Less surprising is that this entirely haphazard process leaves some claimants more than a little cynical about what is going on:

“​It seems to me that they place a lot of people into the work group even though they know they should really be in the support group and sit back and wait and see if they appeal the decision, if they do they will [move them].”​

Never ending circles
If an appeal does go all the way to a hearing it can take a very long time. Indeed, it can take so long that some claimants begin the process of being reassessed during, or immediately after, an appeal has been heard.

One member had already completed another ESA50 questionnaire before their hearing took place. They then had to attend a further medical just one week after winning their appeal to be moved to the support group:

“​The appeal process took well over a year. The Judge did apologise for this at the tribunal. And in fact I did have to complete another ESA50 because I was due to have my next ATOS assessment the following week! Although the tribunal ruled in my favour I still had to attend and as I could not give the doctor anything in writing from the tribunal, still had to undergo a rigorous assessmen​t.”​

Another member waited over a year to have their appeal upheld and received an ESA50 to complete within a week of doing so. As a result they had another medical and were placed back in the WRAG. However, when they made a formal complaint they were returned to the support group.

Yet another member also took over a year to get to a hearing and have the decision to place them in the WRAG overturned. However, because the judge quoted the WRAG regulations in the decision notice, instead of the support group regulations, they are still waiting to have the tribunal’​s error corrected and be moved.

One member waited 10 months for tribunal, but was unsuccessful. They have now appealed to the upper tier and, eight months further down the line, are still waiting for this appeal to be heard. They are now worried that time is running out:

“​I am on Contributions based ESA WRAG so am really worried that I am in the firing line for the April 2012 changes . . . I will lose £​37 a week from my War Pension if they do not see sense and place me into the Support Group, it really is a matter of life and death come April as I am already struggling as it is.”​

Tips on appealing
If you are considering challenging a decision to place you in the WRAG instead of the support group then we would obviously recommend that you get advice from a welfare rights worker, if you possibly can, and also make use of our guides to ESA claims and appeals.
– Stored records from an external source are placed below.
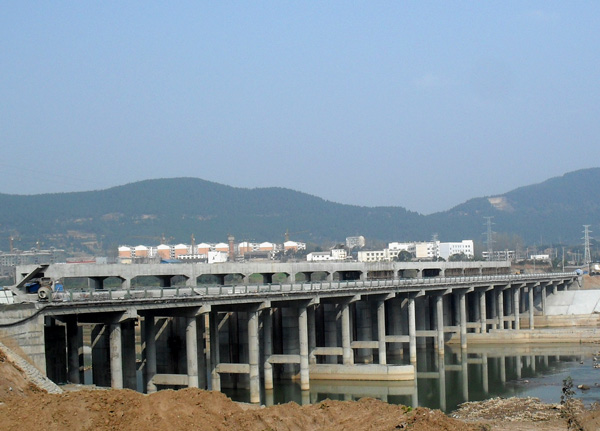 我公司2010年承建的大型市政災(zāi)后重建工程——四川省鹽亭縣梓江河橋閘工程,由兩座長270M,寬11.5M的橋梁夾一座大型水閘構(gòu)成。水閘全長202M,13孔×12M寬,采用6M×12M大型平板閘門,水閘50年一遇洪水下泄流量為7260M3/S,屬于大(I)型水閘項(xiàng)目工程。鹽亭縣梓江河橋閘工程現(xiàn)已按合同工期完工,正待驗(yàn)收,它的建成將極大地提升鹽亭縣新城區(qū)“城在水中,水邊有城” 的新景象,成為鹽亭縣城市建設(shè)一道靚麗的風(fēng)景線。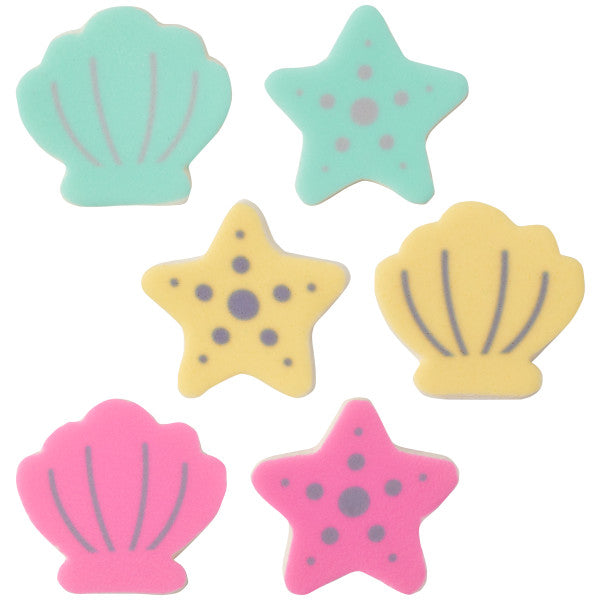 ¿Mar, junto al mar? ¡Dirígete a la playa donde todos los días es verano con los adorables Sweet Decor Sea Minis! ¡Este surtido incluye 3 conchas en azul, amarillo y rosa y 3 estrellas de mar en azul, amarillo y rosa! Estos formatos de tamaño mini son perfectos para aquellas creaciones más pequeñas. Producto comestible elaborado principalmente a base de azúcar con un delicioso sabor a vainilla.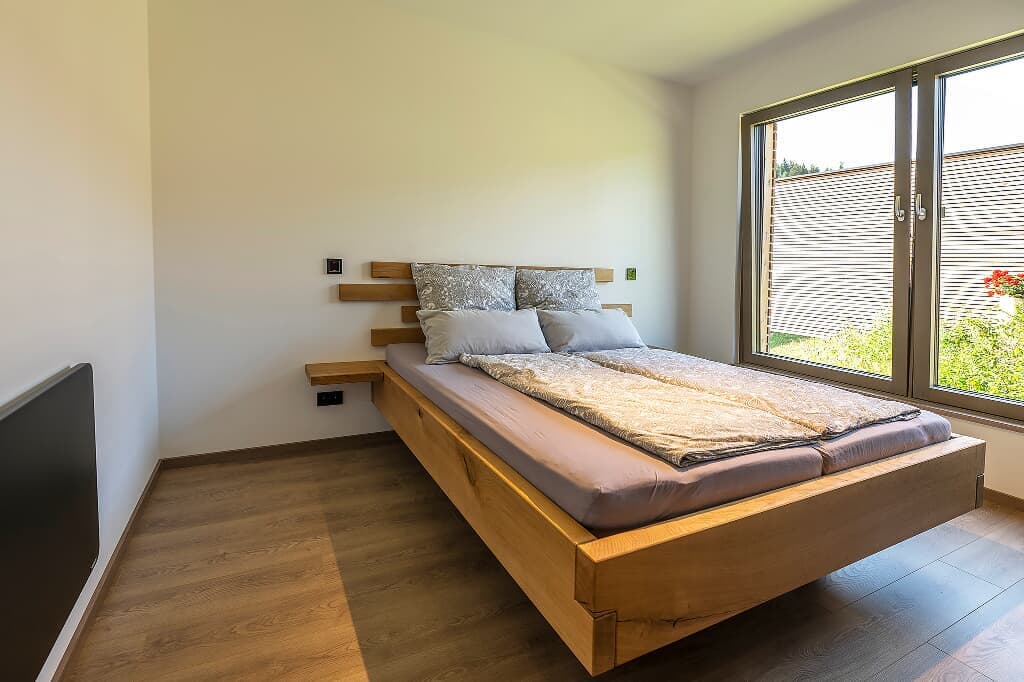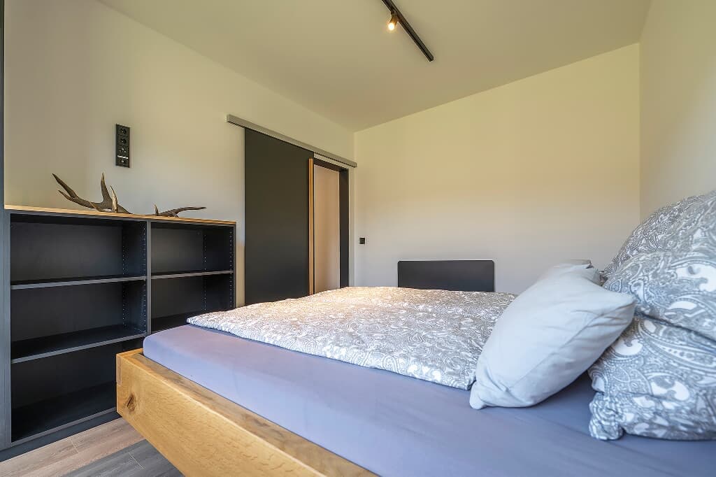 1 großes, helles Schlafzimmer mit einem Doppelbett und großzügigem Schrank. Schlafcouch für weitere 2 Personen im Wohnbereich. Bettwäsche wird gestellt. Auf Anfrage stellen wir auch ein Babyreisebett.

In addition, you need to be as sure as you can be that there is strong evidence to support your existing award of the work-related activity component. That might mean collecting more evidence even though you may never need it.

Then you need to be sure that you have at least a reasonable case to argue for moving into the support group. Go through the support group descriptors, which you’​ll find listed in our guide to understanding ESA or on this page.

Decide which descriptor, or descriptors, apply to you. Then begin compiling the evidence that you think would persuade a tribunal that they apply. That can be evidence already in your ESA50 questionnaire, from your daily life, from friends and relatives and from health professionals.

Consider including supporting evidence with your GL24 appeal form, it certainly seems to have done the trick for some of our members.

Finally, don’​t take advice about your appeal from the DWP unless you can corroborate it from an agency that is independent and likely to actually understand the law.